Given all that context, you'll see a couple things that will stand out as different than last year:

-Better run/pass balance

-Fewer audibles/QB reads at the line

-More rollouts (to read half the field) and simple plays to help QB Ross Bowers build some confidence

-Fewer vertical shots (both due to Bowers' arm talent and the WR corps)

5. Who are your players to watch on offense? Defense?
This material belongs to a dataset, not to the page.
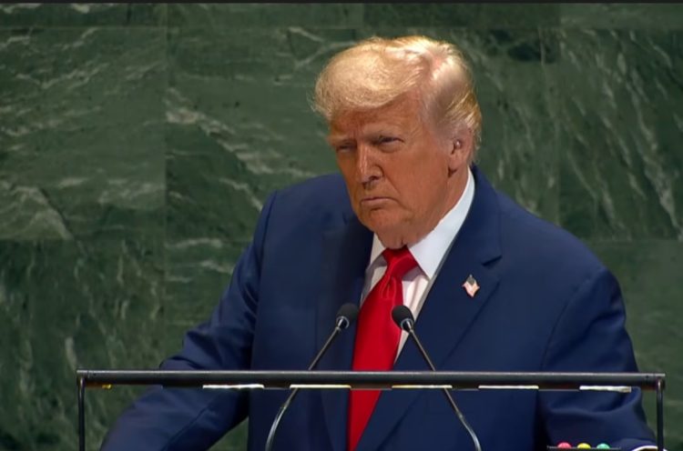 metrodeli/istimewa BERPIDATO : Presiden Amerika Serikat (AS) Donald Trump berpidato dalam Sidang Majelis Umum Perserikatan Bangsa-Bangsa (PBB) di New York, AS, Selasa (23/9/2025). Trump membuka pidatonya di Sidang Umum PBB dengan teleprompter rusak. Ia berseloroh lebih baik bicara dari hati.(YOUTUBE/UNITED NATIONS)
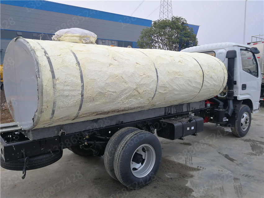 保溫熱水車與普通灑水車的區(qū)別就是在水罐外面加了一道保溫層。保溫層的制作是在水罐外面焊接5公分的支撐骨架,然后用保溫材料填充,再在保溫層外面外包一層碳鋼板或者不銹鋼板焊接制作

Leland Wong: WR Kanawai Noa isn't flashy, but he's a gritty, dependable option. The offense refers to him as their secret weapon and QB Ross Bowers will have to get the ball in Noa's hands for the offense to gain some momentum. Look for him on third downs in particular.

Defensively, look out for ILB Jordan Kunaszyk. Kunaszyk was just coming back from injury when star ILB Devante Downs suffered a season-ending lower-body injury, so his role in the defense has expanded abruptly. After earning three formal Player of the Week honors in the win over Wazzu (plus an uber-prestigious shout-out from Kirk Herbstreit and we should be as thankful for that as we are that ESPN blesses us with coverage), I expect Kunaszyk to be asked to do everything on the field—from tackling Phillip Lindsay to getting after whichever quarterback gets named starter.

boomtho: On offense, I'll mention RB Patrick Laird as a jack of all trades (he's effective both running and passing but shouldered an enormous 33 touches against Arizona) and WRs Vic Wharton (as the outside threat) and Kanawai Noa (the underneath slot receiver).

On defense, I'll mention DL James Looney (undersized yet effective against both runs and passes) and the full CB squad (Allensworth, Goode, Bynum, and Hicks).

6. How do you see this game playing out?

Leland Wong: This won't be an easy win by any means and I wouldn't be surprised to see Colorado get out to a first-half lead, but I anticipate the Bears to come out with a close win, 31–28

boomtho: After predicting big Cal losses the last two games, I think this is a much more even—or dare I say, Cal-favored—match-up.

I think Cal wins something like 31–21.